__Work instruction__.
Copy exactly the lines of the material below that fall between the line with "Radni na ręce" and the line with "HAMBERGER, G. Ch.: Directorium", both of those lines included; pictures stay out.

--- Record excerpts Enclosed Below ---

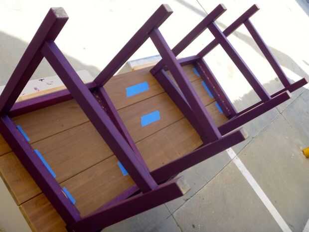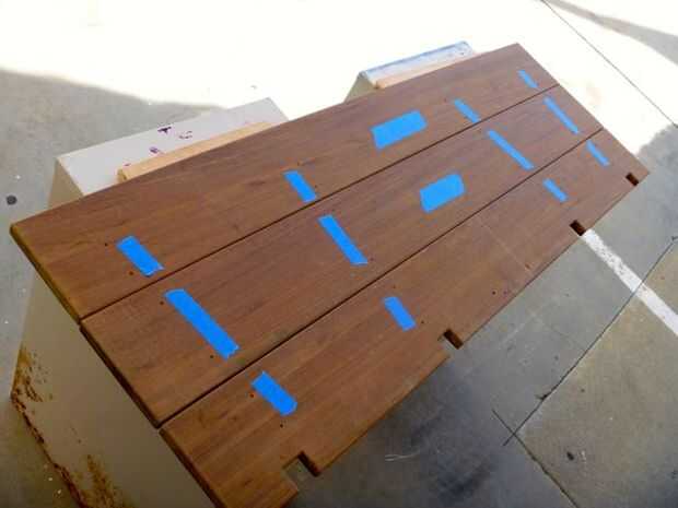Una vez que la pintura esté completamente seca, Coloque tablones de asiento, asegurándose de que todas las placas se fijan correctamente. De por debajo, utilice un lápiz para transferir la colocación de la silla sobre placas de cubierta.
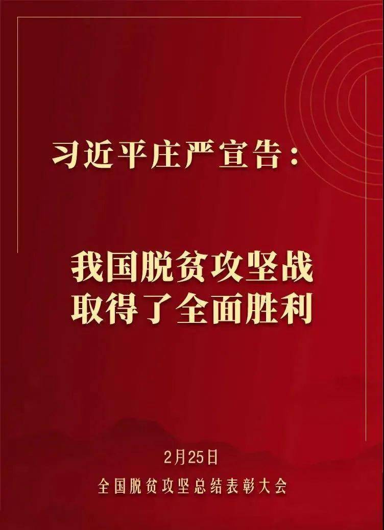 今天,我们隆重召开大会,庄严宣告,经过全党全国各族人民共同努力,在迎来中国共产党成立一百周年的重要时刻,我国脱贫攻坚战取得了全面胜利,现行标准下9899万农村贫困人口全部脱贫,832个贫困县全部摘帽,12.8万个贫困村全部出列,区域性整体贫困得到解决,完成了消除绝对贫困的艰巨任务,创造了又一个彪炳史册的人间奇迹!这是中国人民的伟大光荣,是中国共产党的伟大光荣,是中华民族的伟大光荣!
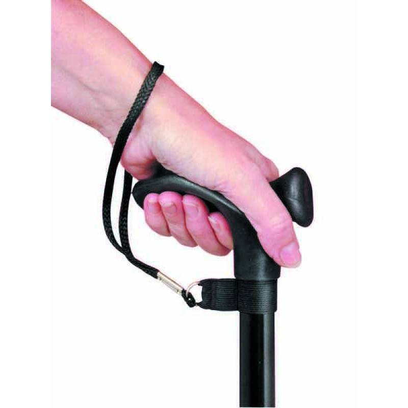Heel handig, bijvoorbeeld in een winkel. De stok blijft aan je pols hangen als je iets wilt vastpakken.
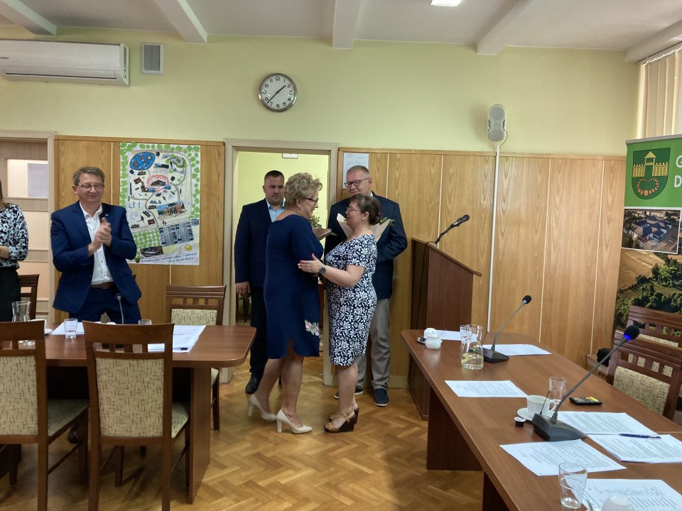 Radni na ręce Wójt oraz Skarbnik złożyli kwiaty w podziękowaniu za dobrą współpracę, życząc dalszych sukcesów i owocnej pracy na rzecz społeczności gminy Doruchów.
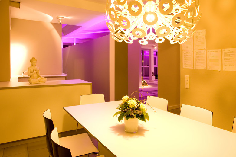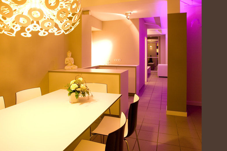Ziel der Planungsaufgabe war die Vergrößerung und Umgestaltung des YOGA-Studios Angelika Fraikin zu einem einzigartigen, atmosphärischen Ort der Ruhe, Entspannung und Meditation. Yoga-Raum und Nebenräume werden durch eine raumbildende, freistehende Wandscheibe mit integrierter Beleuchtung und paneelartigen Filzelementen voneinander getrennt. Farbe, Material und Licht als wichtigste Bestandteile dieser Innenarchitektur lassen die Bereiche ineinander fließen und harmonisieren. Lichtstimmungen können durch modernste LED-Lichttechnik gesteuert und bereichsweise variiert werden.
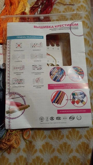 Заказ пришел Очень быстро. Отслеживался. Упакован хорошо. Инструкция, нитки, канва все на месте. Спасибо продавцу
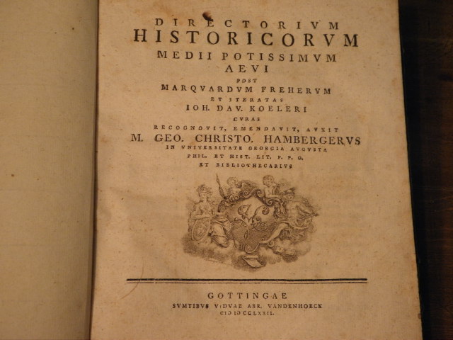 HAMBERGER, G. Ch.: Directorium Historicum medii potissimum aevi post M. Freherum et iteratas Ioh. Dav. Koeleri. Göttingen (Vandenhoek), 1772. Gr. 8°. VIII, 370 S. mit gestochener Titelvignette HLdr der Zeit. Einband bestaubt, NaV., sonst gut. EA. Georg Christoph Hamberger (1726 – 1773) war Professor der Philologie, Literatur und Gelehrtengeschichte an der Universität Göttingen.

--- End of Enclosed Record excerpts ---
--- Record excerpts Enclosed Below ---

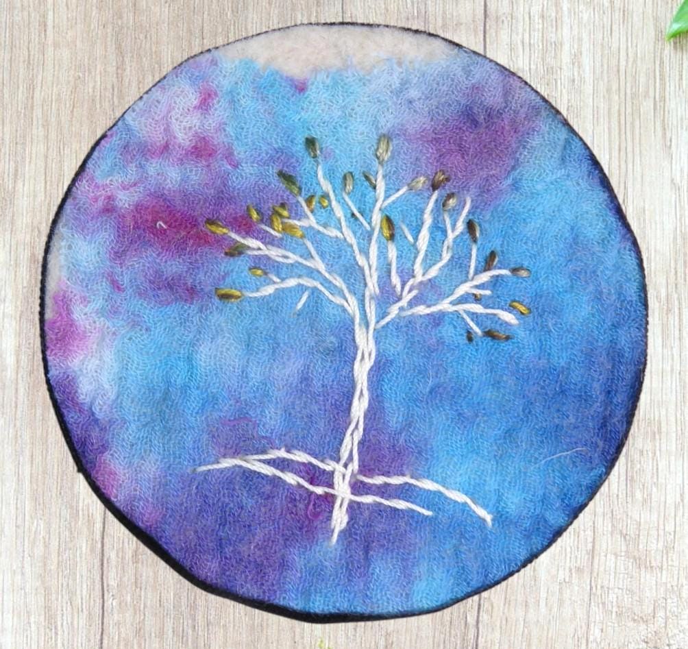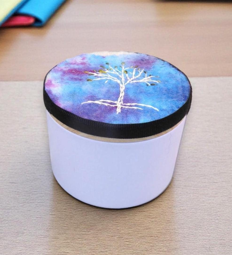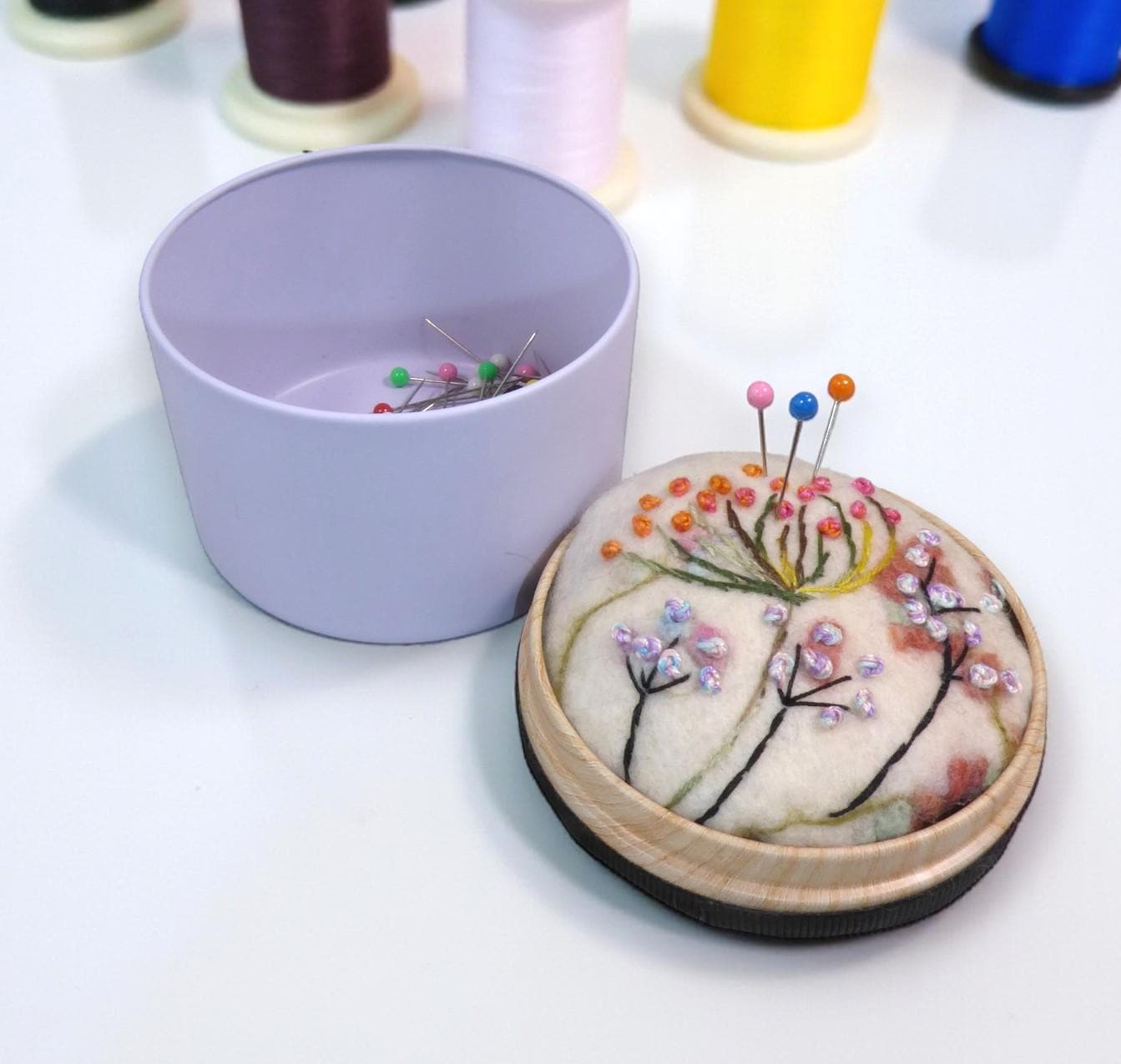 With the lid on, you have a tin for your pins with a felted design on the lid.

--- End of Enclosed Record excerpts ---

__Solution below__.
 Radni na ręce Wójt oraz Skarbnik złożyli kwiaty w podziękowaniu za dobrą współpracę, życząc dalszych sukcesów i owocnej pracy na rzecz społeczności gminy Doruchów.
Ziel der Planungsaufgabe war die Vergrößerung und Umgestaltung des YOGA-Studios Angelika Fraikin zu einem einzigartigen, atmosphärischen Ort der Ruhe, Entspannung und Meditation. Yoga-Raum und Nebenräume werden durch eine raumbildende, freistehende Wandscheibe mit integrierter Beleuchtung und paneelartigen Filzelementen voneinander getrennt. Farbe, Material und Licht als wichtigste Bestandteile dieser Innenarchitektur lassen die Bereiche ineinander fließen und harmonisieren. Lichtstimmungen können durch modernste LED-Lichttechnik gesteuert und bereichsweise variiert werden.
 Заказ пришел Очень быстро. Отслеживался. Упакован хорошо. Инструкция, нитки, канва все на месте. Спасибо продавцу
 HAMBERGER, G. Ch.: Directorium Historicum medii potissimum aevi post M. Freherum et iteratas Ioh. Dav. Koeleri. Göttingen (Vandenhoek), 1772. Gr. 8°. VIII, 370 S. mit gestochener Titelvignette HLdr der Zeit. Einband bestaubt, NaV., sonst gut. EA. Georg Christoph Hamberger (1726 – 1773) war Professor der Philologie, Literatur und Gelehrtengeschichte an der Universität Göttingen.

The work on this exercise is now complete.